🔬 Tutorial problems beta#
Note
This problems are designed to help you practice the concepts covered in the lectures. Not all problems may be covered in the tutorial, those left are for additional practice.
\(\beta\).1#
Find the (Euclidean) distances between the following pairs of points.
\((1, 3)\) and \((2, 4)\)
\((-1, 2)\) and \((3, 3)\)
\((\tfrac{3}{2},-2)\) and \((-5,1)\)
\((x,y)\) and \((2x,y+3)\)
\((a, b)\) and \((-a, b)\)
\((a,3)\) and \((2+a,5)\)
[Sydsæter, Hammond, Strøm, and Carvajal, 2016] Exercises for Section 5.5, Question 1
Recall that the distance between two points \((x_1,y_1)\) and \((x_2,y_2)\) is given by \(\sqrt{(x_1-x_2)^2+(y_1-y_2)^2}\).

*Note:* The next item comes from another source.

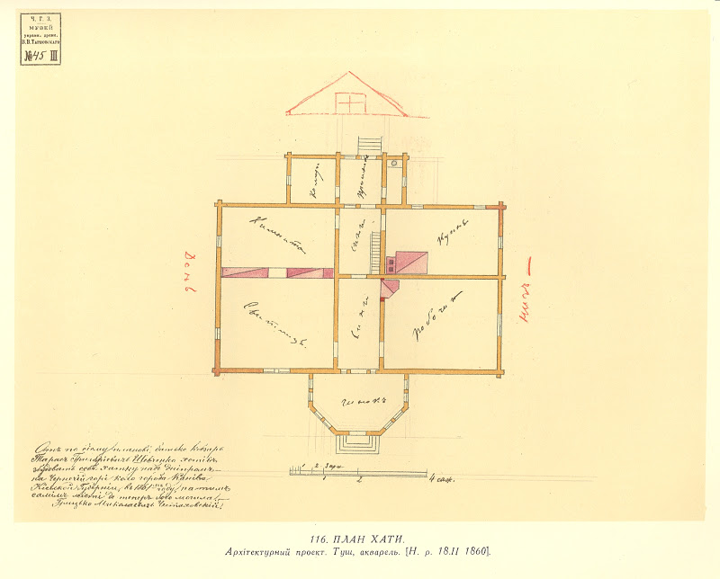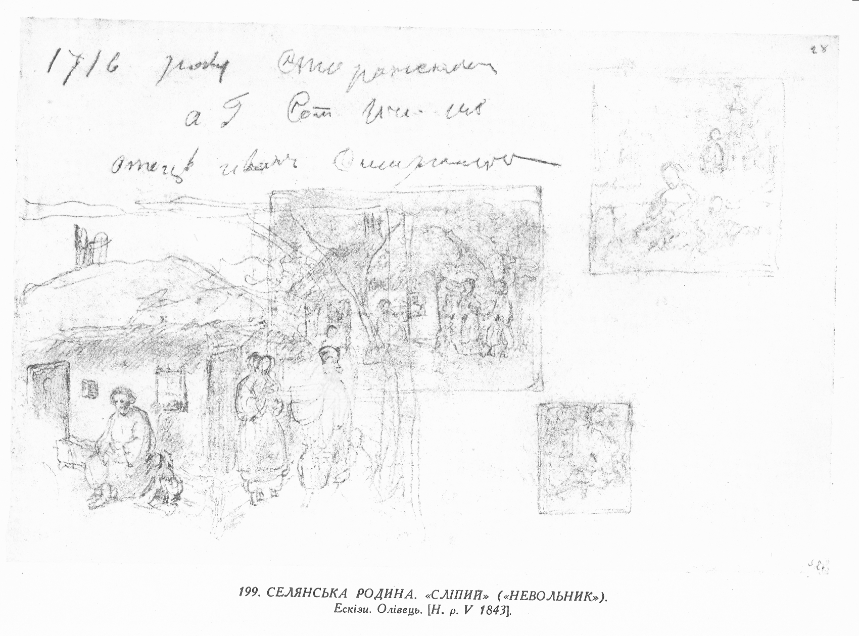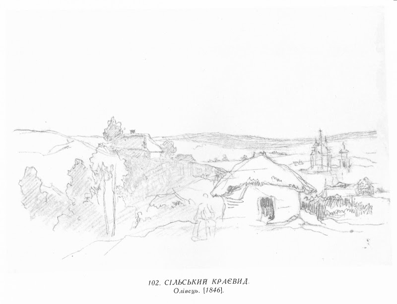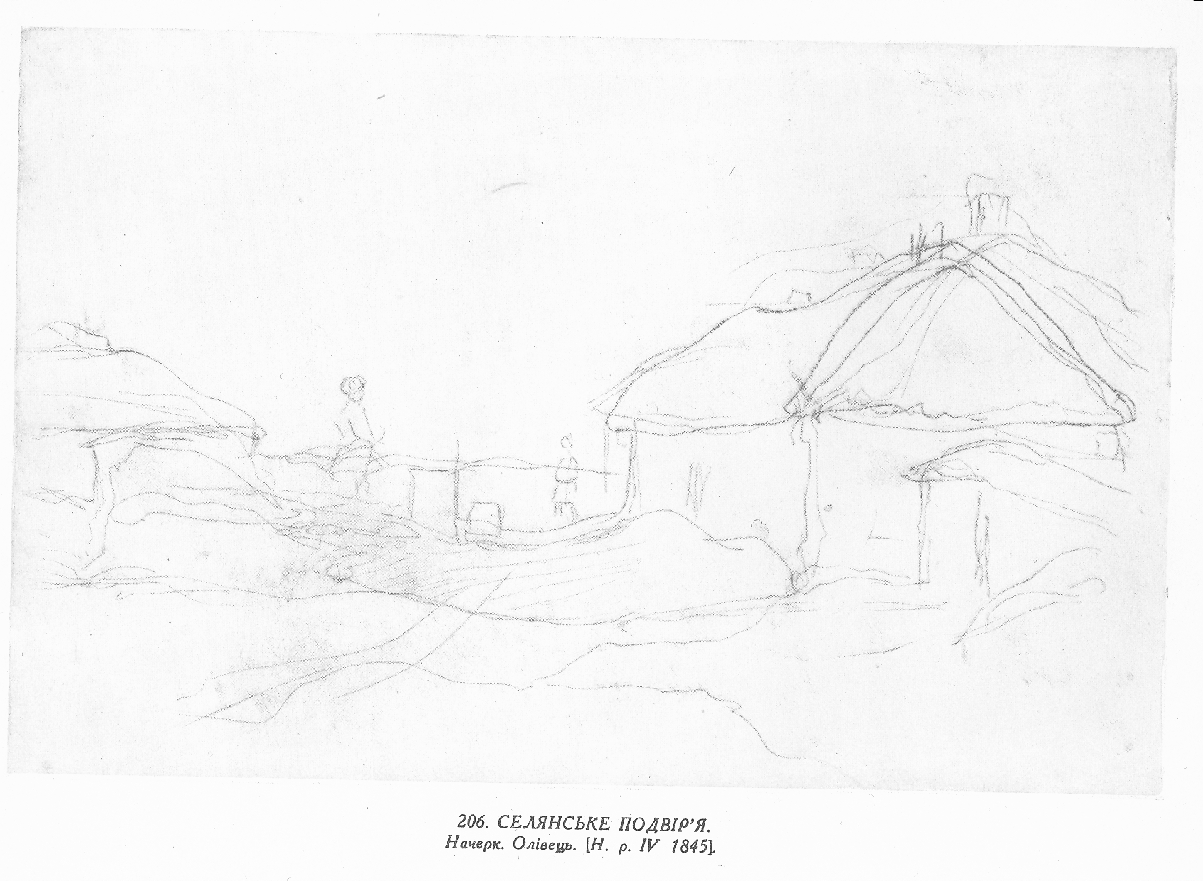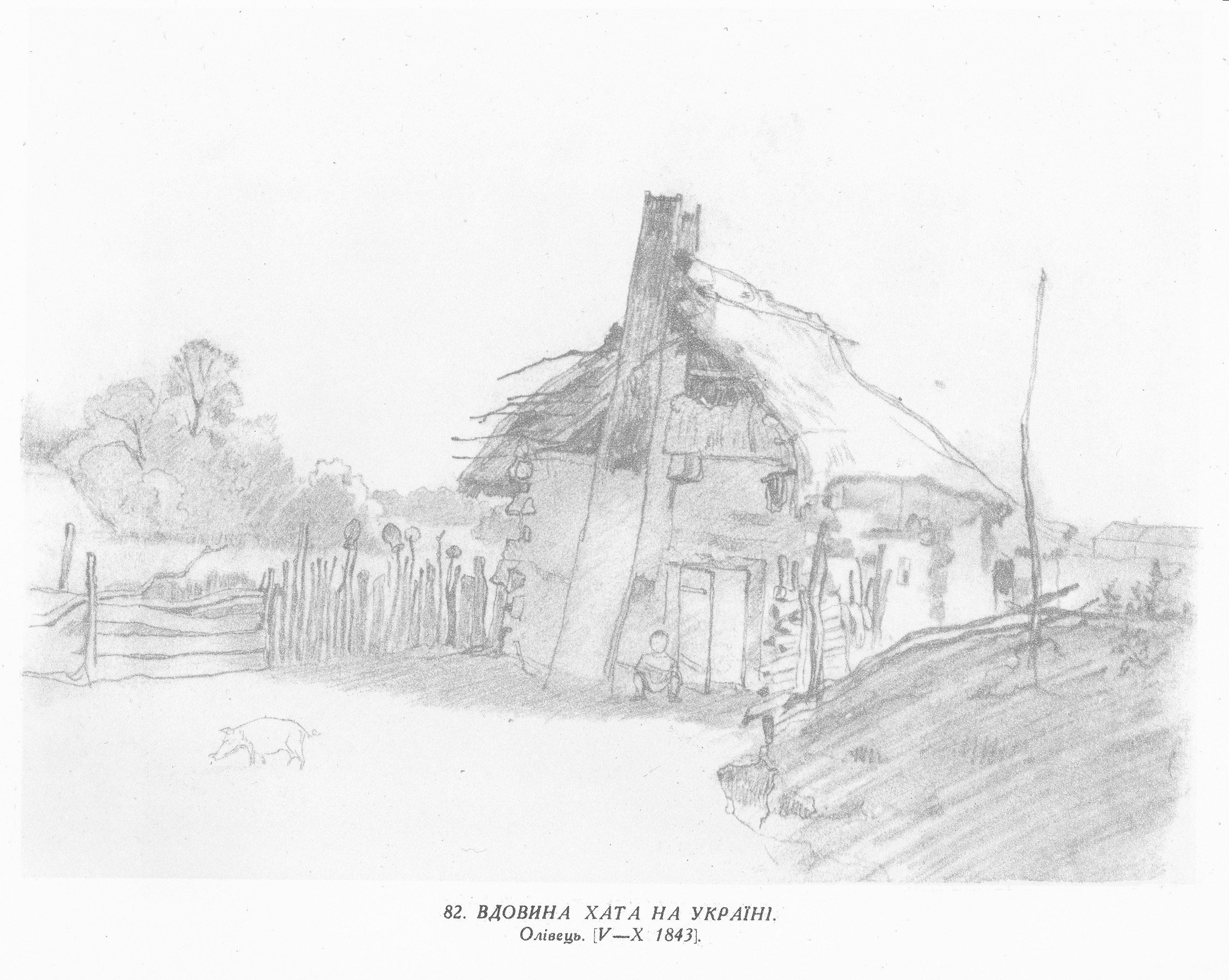 | Хата родителей Т. Г. Шевченко. | Бумага, карандаш | 17,7×26,7 | 1843 |
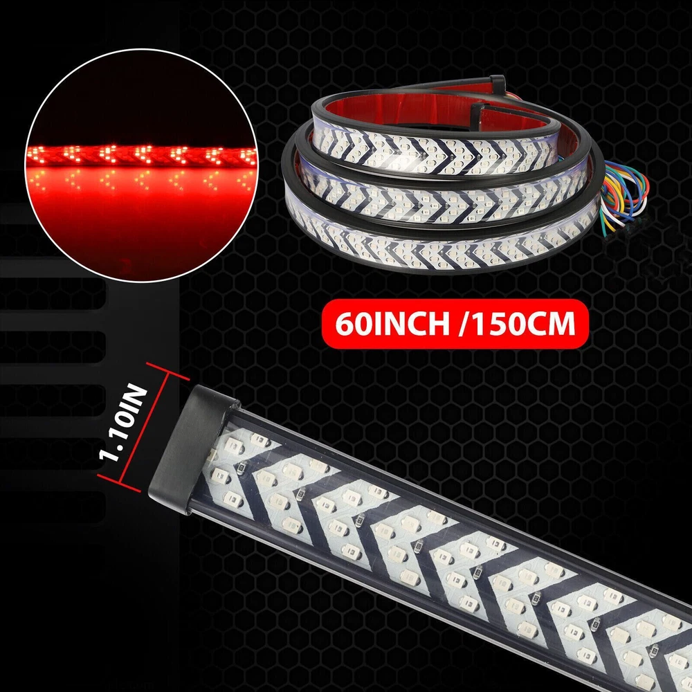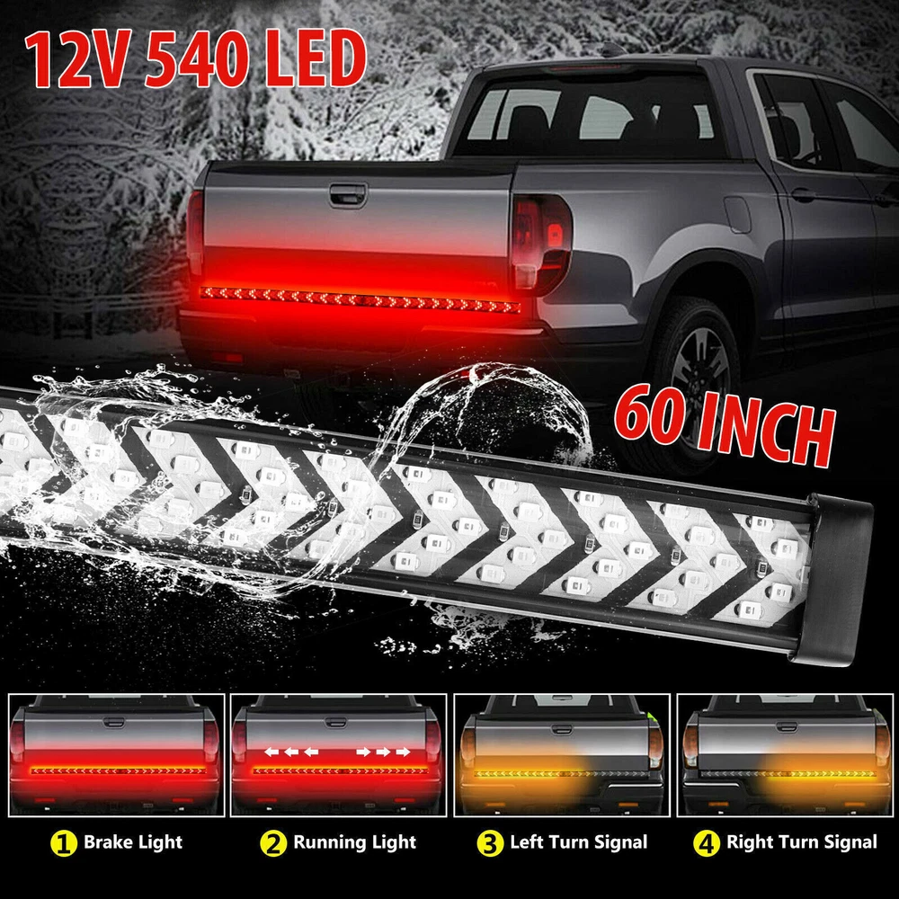Product Description Features: Full Functions: The arrow-style tailgate light features full functions of the brake. Universal Fitment for: Tailgate light with a working voltage of 12V DC, fits most vehicles. Specifications: Housing material: Fully Sealed Silicone Housing Shell material: PVC Voltage: DC 12V Light Source Power: 5W Current: 0.5A Luminous Flux: 500LM LED Quantity: 540 LEDs (270 Red+270 Yellow) LED Type: 2835 Light Color: Red/Yellow Red Light For: Driving Light, Brake Light (Will Not override Turn signal) Yellow Light For: Turn Signal Light (Will override brake light) Brake Light: Quick flash 3 times and stay on. (Red color) Waterproof Rate: IP68 Light Length: 60inch / approx. 150cm Package Included: 1 x 60"inch Truck Tailgate LED Light Strip About Us Payment Shipping Returns Contact Us Welcome to our store! Our aim is to offer our clients items with high quality and fast delivery, also our price will be reasonable. We supply many products including video game, health & beauty, phone accessories, computers accessories, camera & camcorder,car accessories, games, toys & hobbies, jewelry, antique & craftwork. Excellent customer service and a reliable credit standing is our tenet. We accept all verified payments from ebay. Orders will be shipped after receiving cleared payment. We ship most of our orders within 24 hours, and may up to 48 hours. If you want faster shipping way. Please contact us before making payment. Sometimes due to problems with our transportation company system, your shipping information may be delayed to update. We recommend that you try again after 3-4 days. If you still haven't checked the shipping information, you can contact us by ebay message. Always believe we can figure things out with communication, if it comes to return, the pacakge must be intact and the same as you receive. If you have any questions, please feel free to email our service specialists 24 Hours a Day, 7 Days a Week. We will reply you ASAP. Return/refund is accepted within 30 days after the buyer receives the item. NO exchange will be accepted after 30 days from the date when the item is received. Please contact us first before returning your product!!! If you have any questions, our Customer Service staffs welcome you to email us. We strive to answer all questions and resolve any problems as quickly as possible. We care about our valued customers, and will always try to help you. So if you have any problems, You can contact us 7*24, we will reply at the first time. About Us Welcome to our store! Our aim is to offer our clients items with high quality and fast delivery, also our price will be reasonable. We supply many products including video game, health & beauty, phone accessories, computers accessories, camera & camcorder,car accessories, games, toys & hobbies, jewelry, antique & craftwork. Excellent customer service and a reliable credit standing is our tenet. Payment We accept all verified payments from ebay. Orders will be shipped after receiving cleared payment. Shipping We ship most of our orders within 24 hours, and may up to 48 hours. If you want faster shipping way. Please contact us before making payment. Sometimes due to problems with our transportation company system, your shipping information may be delayed to update. We recommend that you try again after 3-4 days. If you still haven't checked the shipping information, you can contact us by ebay message. Returns Always believe we can figure things out with communication, if it comes to return, the pacakge must be intact and the same as you receive. If you have any questions, please feel free to email our service specialists 24 Hours a Day, 7 Days a Week. We will reply you ASAP. Return/refund is accepted within 30 days after the buyer receives the item. NO exchange will be accepted after 30 days from the date when the item is received. Please contact us first before returning your product!!! Contact Us If you have any questions, our Customer Service staffs welcome you to email us. We strive to answer all questions and resolve any problems as quickly as possible. We care about our valued customers, and will always try to help you. So if you have any problems, You can contact us 7*24, we will reply at the first time. powered by

Distance between \((1, 3)\) and \((2, 4)\) is given by \(\sqrt{(1-2)^2+(3-4)^2} = \sqrt{1+1} = \sqrt{2}\)
Distance between \((-1, 2)\) and \((3, 3)\) is given by \(\sqrt{(-1-3)^2+(2-3)^2} = \sqrt{(4)^2+(1)^2} = \sqrt{17}\)
Distance between \((\tfrac{3}{2},-2)\) and \((-5,1)\) is given by \(\sqrt{(\tfrac{3}{2}-(-5))^2+(-2-1)^2} = \sqrt{(\tfrac{13}{2})^2+(3)^2} = \sqrt{(\tfrac{13}{2})^2+(3)^2} = \sqrt{\tfrac{169}{4} + 9} = \sqrt{\tfrac{205}{4}} = \tfrac{\sqrt{205}}{2}\)
Distance between \((x,y)\) and \((2x,y+3)\) is given by \(\sqrt{(x-2x)^2+(y-(y+3))^2} = \sqrt{x^2+3^2} = \sqrt{x^2+9}\)
Distance between \((a, b)\) and \((-a, b)\) is given by \(\sqrt{(a-(-a))^2+(b-b)^2} = \sqrt{(2a)^2+0^2} = \sqrt{4a^2} = 2|a|\). We need absolute value because distance is always non-negative.
Distance between \((a,3)\) and \((2+a,5)\) is given by \(\sqrt{(a-(2+a))^2+(3-5)^2} = \sqrt{(2)^2+(2)^2} = 2\sqrt{2}\)
\(\beta\).2#
Suppose that the cost of producing \(Q\) units of a commodity is given by \(C(Q) = 1, 000 + 300Q + Q^2\).
Compute \(C(0)\), \(C(100)\), and \(C(101) - C(100)\).
Compute \(C(Q + 1) - C(Q)\) and explain the meaning of this expression.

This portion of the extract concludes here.